Step 3: Performance formula

Max memory ≈ queue length × avg log size
Recommended queue depth = peak TPS × tolerated latency (seconds)
Example: 10000 TPS × 0.5s ⇒ 5000 queue size

Risk mitigation:

Monitor queue usage, alert at 80%.

Prevent OOM by restricting large toString() calls.

Provide JMX switch to revert to synchronous mode quickly.

Rule 7: Traceability Across Services

Cross‑service calls lose log correlation; inject a traceId.

// Interceptor injects traceId
MDC.put("traceId", UUID.randomUUID().toString().substring(0,8));
// Log pattern includes traceId
%d{HH:mm:ss} |%X{traceId}| %msg%n

Now logs can be linked end‑to‑end via traceId.

Rule 8: Dynamic Log Level Adjustment

During incidents we may need to enable DEBUG without restarting.

@GetMapping("/logLevel")
public String changeLogLevel(@RequestParam String loggerName, @RequestParam String level) {
    Logger logger = (Logger) LoggerFactory.getLogger(loggerName);
    logger.setLevel(Level.valueOf(level)); // takes effect immediately
    return "OK";
}

Dynamic control avoids service restarts.

Rule 9: Structured Storage

Plain text logs are hard to query.
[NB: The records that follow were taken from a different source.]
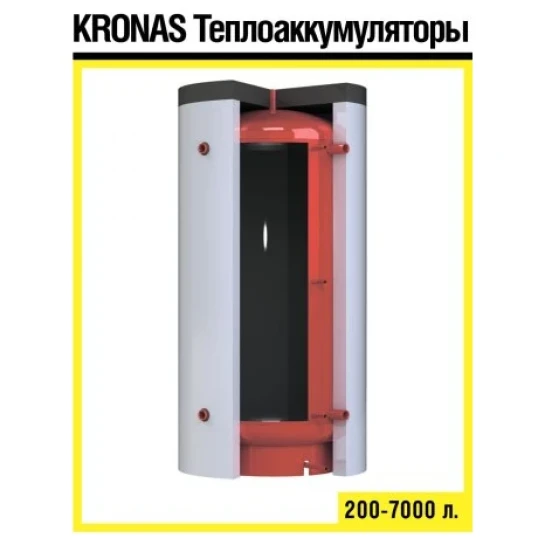 Теплоакумулятор KRONAS - Акумулююча (Буферна) ємність (пласка). Артикул: ТА1НЖ.800.0 Обсяг ємності: 800 л Виробник: Kronas Вага: 158 кг Теплоакумулятор KRONAS для твердопаливного котла це універсальний пристрій, який значно підвищує ефективність роботи системи опалення. Буферна ємність системи опалення одночасно вирішує кілька завдань: - приймає надлишок теплової енергії виробленої котлом й таким чином, котел не входить в режим малої потужності або тління (при якому відбувається значне зниження ККД за рахунок збільшення частки СО) - подовжує період між завантаженнями палива - подовжує період між обслуговуванням котла. При відсутності режиму тління, теплообмінник котла значно менше піддається засміченню, зберігаючи високий ККД виключає ймовірність закипання котла. При правильній обв'язці, теплоаккумулятор прийме на себе надлишок тепла, вироблений котлом, наприклад, при відключенні електроенергії. Використовуючи додаткові патрубки, теплоаккумулятор можна підключити до декількох котлів).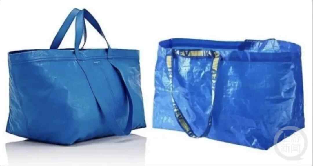 2017年5月巴黎世家首次推出了一款价值2145美元(14508人民币)的手提包,亮蓝色、超大尺码、宽肩带。由于外貌酷似宜家99美分(约合7元人民币)的蓝色大购物袋,引起市场极大轰动。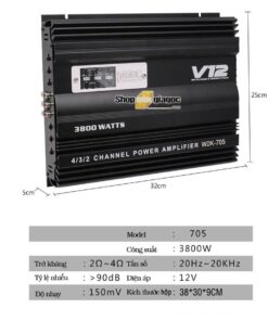 Bộ Khuếch Đại Âm Thanh Ô Tô 4 Kênh 3800W Kuerl V12 YH705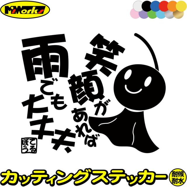 車 バイク かわいい ステッカー てるてる坊主 てるぼう 1 きっと晴れるよ カッティングステッカー 全12色 車 おもしろ ユニーク 可愛い 名言 格言 文字 タンク てるてるぼうず ステッカー 防水 耐水 アウトドア デカール 転写シール 150mmX180mm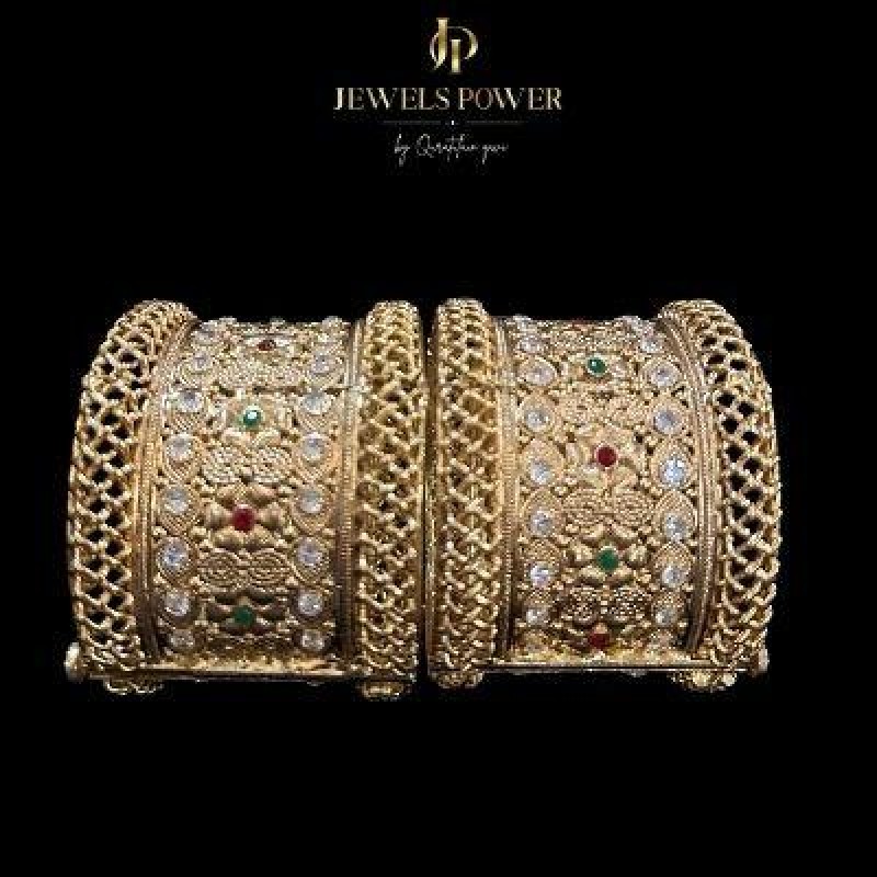 Sunehra is a pair of premium openable Jarao Kangans, crafted on a high-quality base with intricate cut work and finished in rich 24-carat gold plating. A timeless statement, perfect for bridal wear and grand wedding celebrations.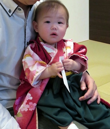 滋賀県S.M様 ご注文品(着物風カバーオール)≪八重桜(正絹生地・持込)×深緑≫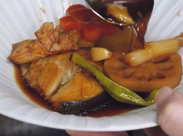 간장조림은 간장 한 컵, 미림 반 컵, 다시마 육수 세 컵, 설탕을 넣어 만들었다. 강불에 10분 정도 끓이고 중약불로 낮춘 다음 육수가 반 정도 줄어들 때까지 끓였다.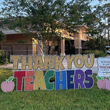 Let us help make Teacher Appreciation Day special and unforgettable with our custom yard cards, creating a festive and heartfelt environment that celebrates the amazing contributions of your educators!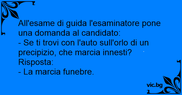 All'esame di guida l'esaminatore pone una domanda al candidato: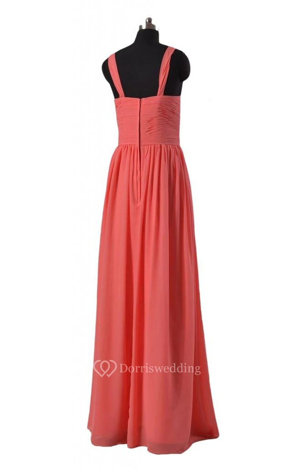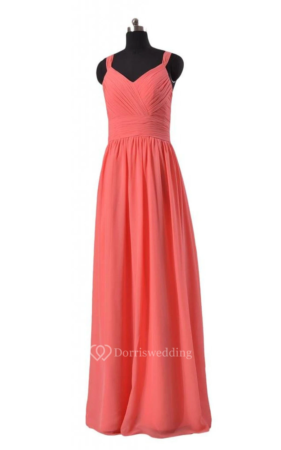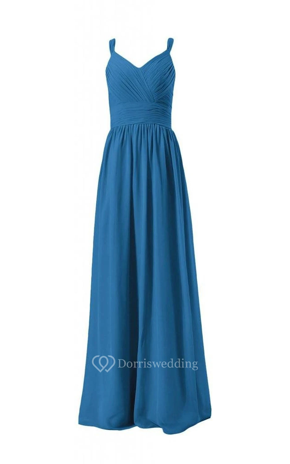 Sleeveless V-neck Ruched Sash Long Pleated Chiffon Dress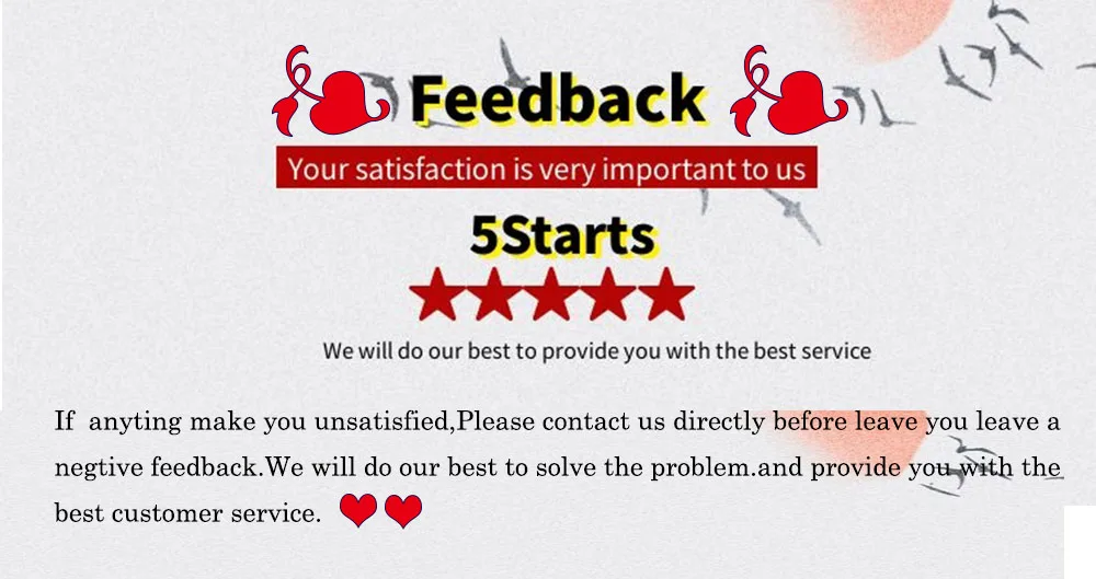 Your satisfaction and positive feedback is very import to us .Please leave positive feedback and 5 stars if you are satisfied with our items and services.If you believe you have any problems with our items or service,please feel free to contact us first before you leave negtive feedback.We will do our best to solve any problem and provide you with the best customer service.
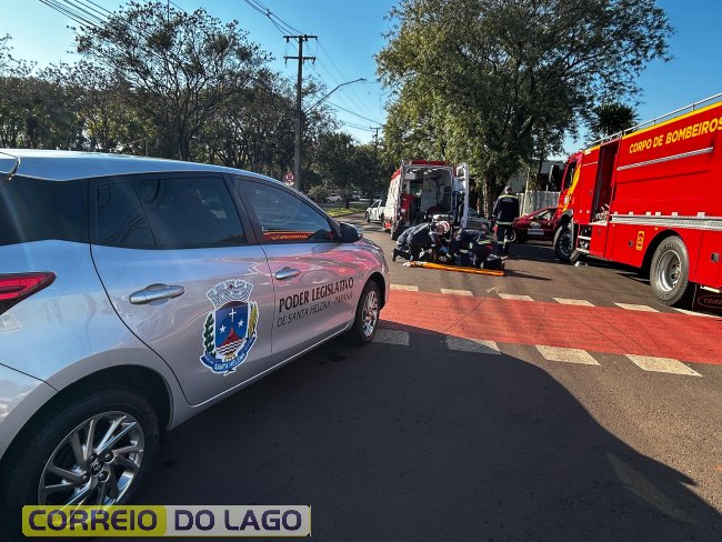 Na manhã desta terça-feira (08), um acidente de trânsito foi registrado no cruzamento entre a Avenida Brasil e a Avenida Curitiba, em Santa Helena. A colisão envolveu um veículo Toyota Yaris, pertencente à Câmara de Vereadores do município e uma motocicleta Honda Biz 125 de cor prata.

Store logs as JSON.

{
  "event": "ORDER_CREATE",
  "orderId": 1001,
  "amount": 8999,
  "products": [{"name": "iPhone", "sku": "A123"}]
}

This makes data machine‑friendly and searchable.

Rule 10: Intelligent Monitoring

Example ELK alert rule:

ERROR logs continuously for 5 minutes > 100 entries → phone alert
WARN logs continuously for 1 hour → email notification

Integrating ELK with structured logs enables proactive alerts.

Conclusion

Three developer levels:

Bronze: System.out.println("error!")

Diamond: Standardized logs + ELK monitoring

King: Log‑driven code optimization, anomaly prediction, root‑cause AI models

Final soul‑searching question: When the next production incident occurs, can your logs help a newcomer locate the problem within five minutes?